他在手同樣的地方也造了道疤,所以他才會帶塊手表遮起來。
我誇張的冷笑兩聲:“你以為你這麽做又能改變什麽?你就沒為了誰傷我的手沒讓我流血了?你要這麽抵債,那你試試被人利用當代孕後連兒子都見不到的滋味再說吧!”
陸禮承的眼睛裏添了點傷感,又快速劃過消失不見,我沒理他,煩躁的忘了自己剛從牛忙忙房間出來,準備再回去,陸禮承落在我肩膀上的力道加重。
“誰準你三更半夜跟個男人單獨在一個房間裏?”
我扭頭的時候,順便抓著他的手從我肩膀上推開,“那你要不然一起?”
沒想到我,一語中的。
牛忙忙房間裏,他推了推黑框眼鏡,看看我,又看看大方坐在單人沙發上的陸禮承,表情像搞不明白,低聲嘟囔了兩句。
我尷尬綜合症都犯了,給陸禮承試了幾個顏色示意他快離開,他卻果斷無視我,麵無表情的盯著牛忙忙。
“給你兩個選擇,一,你繼續跟著女人糾纏,今後是陸娛投資的項目,你被列入永久黑名單,二,跟著女人保持十米遠距離,你現任電視台的黃金檔節目,五年合同期限,十秒鍾時間。一,二……”
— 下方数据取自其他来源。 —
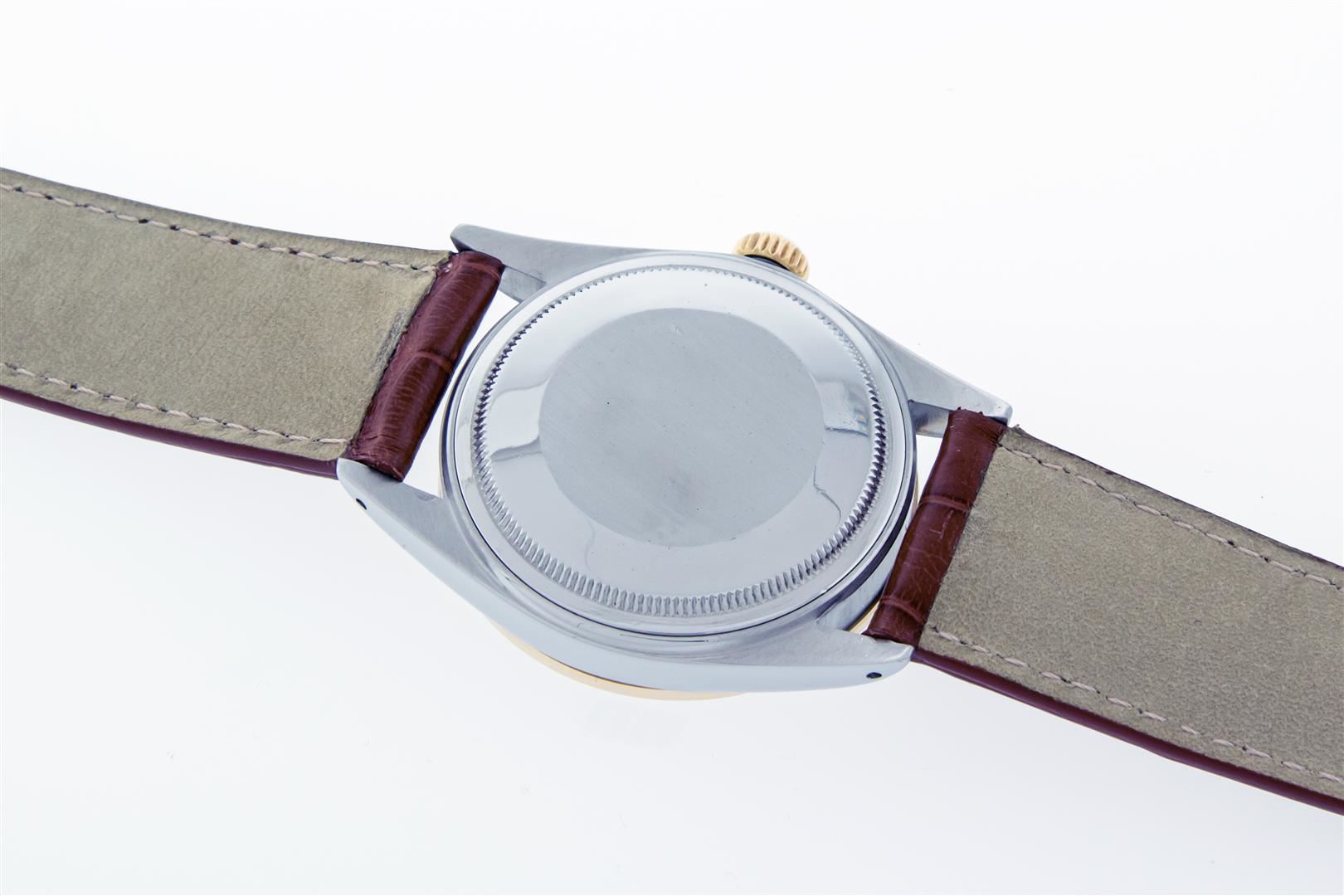 One Mens Yellow Gold Two Tone Rolex Datejust Polished, Serviced & Electronically Tested, Yellow Gold & Stainless Steel Case: 36mm, Yellow Gold Crown, Custom Bezel: 18K Yellow Gold Emerald Beadset Diamond Bezel, Diamond Count: 36 Diamonds + 4 Emeralds In Bezel, Total Bezel Weight 1.00 Carat, Clarity: SI-VS, Color: G to H. Custom Crystal: New Scratch Resistant Synthetic Sapphire Cyclops Lens. Custom Hands: New Luminecent Hands. Movement: Automatic Winding Movement. Custom Dial: Olive Green Diamond Dial. Date Window: 3 O'Clock Position Date Display, Quickset, Model: Datejust. Condition: G-6 Extra Fine. Custom Band: New Brown Leather Band 7.0 Inch Length. New Custom Pin Buckle Clasp. This Watch Has Been Serviced Time Tested And Is In Excellent Condition It Is Free Of All Scratches And Dents.

陸禮承數數得非常幹脆,一點不給反應時間,可我瞧牛忙忙眼睛都直了,估計是激動的,沒第一時間點頭。
我著急了,如果牛忙忙答應陸禮承的話,那我見小幸運不就毫無可能了嗎,眼看著陸禮承低啞的嗓音已經數到了八,牛忙忙下巴正有往下拉動的趨勢。
我沒辦法,咬著牙低著頭往牛忙忙胸口上一撞,伴著牛忙忙慘烈的呼聲,是陸禮承數到“十”的冷漠聲音。
我徹底鬆了口氣。站直了的牛忙忙衝我麵前來,吐沫橫飛的辛酸道:“歹毒!”
皺巴巴的臉上滿滿的委屈。
我給了他個寬慰眼神示意他先別鬧,扭頭對著陸禮承,揚了揚下巴:“君子一言快馬一鞭,既然剛才牛忙忙沒在時間內答應你,那剛才的選擇就不算,還賴著人家房間幹什麽,走啊!”